This invention relates generally to tuning systems for television signals and specifically to an all-channel tuning system for tuning all over-the-air broadcast television signals and cable-connected television signals.
The broadcast television spectrum consists of 6 MHz wide channels in a plurality of disconnected frequency bands. These are commonly referred to as the VHF low and VHF high frequency bands, comprising channels 2 through 6 and 7 through 13 and covering 54 MHz through 88 MHz and 174 MHz through 260 MHz, respectively, and a UHF band covering channels 14 through 83 and extending from 470 MHz through 890 MHz.
The mechanisms for tuning these channels were initially large, cumbersome mechanical tuners that switched in different coil and capacitor combinations to attain the appropriate frequencies for television signal reception. A modern television tuner comprises a relatively simple electronic device having varactor diodes as the primary tuning control elements. The various coil arrangements used with the varactor diodes to tune the different frequency ranges are switched by so-called bandswitching diodes. As is well known, a varactor diode exhibits a capacitance which varies as a function of an applied DC tuning voltage. Since the amount of capacitance variation required to tune a circuit is primarily a function of the ratio between the highest and lowest frequencies involved, it is still necessary to bandswitch to embrace all of the so-called VHF frequencies. The UHF band, on the other hand, has generally been tunable with a single set of non-bandswitched tuned circuits.
The antenna structures used to receive VHF signals differ significantly from those used to receive UHF signals. In metropolitan areas, for example, UHF signals may be adequately received with a very small, low cost antenna structure, such as a "bow-tie" or a loop, whereas the VHF frequencies require a much larger structure, generally positioned outside at a high point such as on a rooftop. The bow-tie and loop are eminently suited to equally low cost 300 ohm impedance terminations, with the result that the UHF tuner has been universally supplied with a 300 ohm input impedance and as a separate structure entirely apart from the VHF tuner. Even with modern UHF/VHF electronic tuners, the historic 300 ohm UHF tuner section, like its forebear, has been retained as a separate structure.
In cable antenna television systems (CATV), cable operators are free from many of the FCC-imposed restrictions on television signal make-up. Since a cable-connected signal is not radiated into the air, use is made of the large frequency gap in the VHF signal spectrum between channels 6 and 7 and that existing between the upper end of the VHF spectrum, i.e., channel 13, and the lower end of the UHF spectrum, i.e., channel 14. For obvious reasons, cable operators generally selected frequencies compatible with existing receiver hardware. Television manufacturers, in turn, manufactured receivers for use with both air and cable signals. As the art developed, it became commonplace for VHF tuners to be used with converters for receiving cable-connected signals in much higher frequency bands and down-converting them to one of the VHF tuner channel positions, generally channel 3 or 4. Other developments occurred rapidly in which the VHF tuner ranges were extended to encompass the so-called CATV "midband", "superband" and "hyperband" frequencies. The upper limit on the hyperband has been steadily raised toward the lower end of the UHF spectrum. To avoid confusion it has been proposed to use the term "ultraband" for those CATV signals above the hyperband, which signals may encompass the UHF spectrum of frequencies.

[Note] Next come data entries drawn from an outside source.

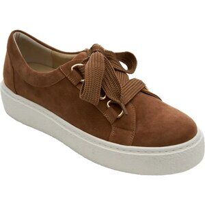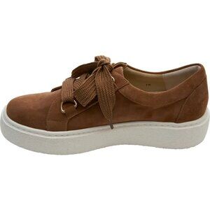 Suede athleisure sneaker with oversized laces and a platform sole. Size 7N (Narrow). Gorgeous rich camel brown color.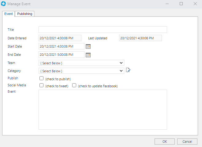 When creating new or editing existing Events, the Manage Events screen is displayed which consists of two tabs labelled 'Event' and 'Publishing'.
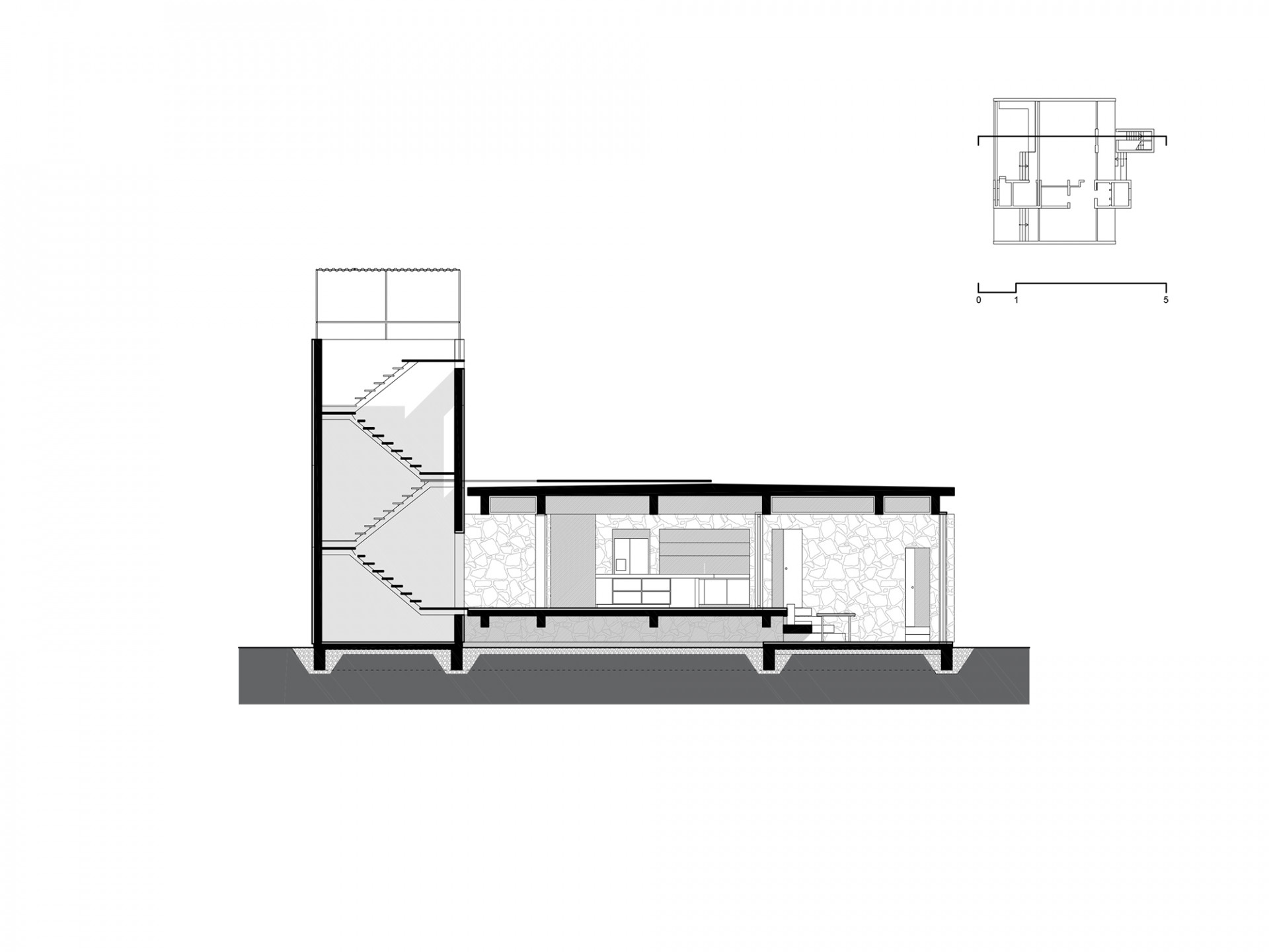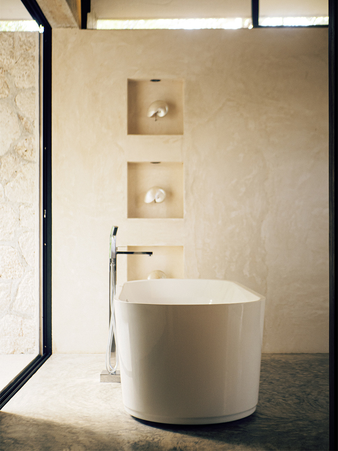 Vila je díky své konstrukci vyzdvižena nad úroveň terénu, takže pod ní neustále proudí mořský vzduch. „Stejný princip je použit i při konstrukci střechy, která je položena na pěti mohutných betonových trámech,“ přibližují architekti z ateliéru NOIZ.SK. S myšlenkou na vzdušnost jsou ostatně pojaty i interiéry založené na otevřených dispozicích.

Major advances have occurred with the use of microprocessor controlled tuning systems in television receivers. In such systems, tuning voltages and band signals for determining the appropriate set of tuned circuits, are stored in a memory that is generally accessed by the channel number. Systems of this type have been in use for a number of years and are well known in the art. While the channel selector means are significantly different, the tuning systems still incorporate a conventional 300 ohm UHF tuner for tuning signals in the UHF spectrum and either an additional VHF type tuner for tuning to CATV channels or an extended range VHF tuner which may have three or more different tuning bands for covering the VHF spectrum and the CATV midband, superband and hyperbands. A European television receiver has been marketed with a single 75 ohm input tuner with separate VHF and UHF sections of otherwise conventional design.
With the growing acceptance of CATV has come a commensurate need for additional CATV channels. UHF television stations, on the other hand, have suffered and have generally failed to develop markets equivalent to their VHF counterpart stations. Recently, FCC truncated the UHF spectrum beyond channel 69, thus removing about 80 MHz from the upper end of the UHF band. Despite this change, tuning systems continued to follow the prior art format of dual inputs, one for the VHF and low frequency CATV sections and one for the UHF section. The UHF tuner in the UHF section was, as it always has been, limited to tuning only broadcast UHF signals. The prior art solution to the growing need for additional CATV channel tuning capability failed to recognize the air and cable channel frequencies as a continuum and merely added additional bands of higher frequency VHF tuning or additional tuners for the CATV signals. The results were very expensive and complex mechanisms for "almost-all-channel" tuning. Thus the prior art failed to provide a tuning system for all 178 channels, both airborne and cable, and one which was sufficiently economical to be used in nearly all television receivers.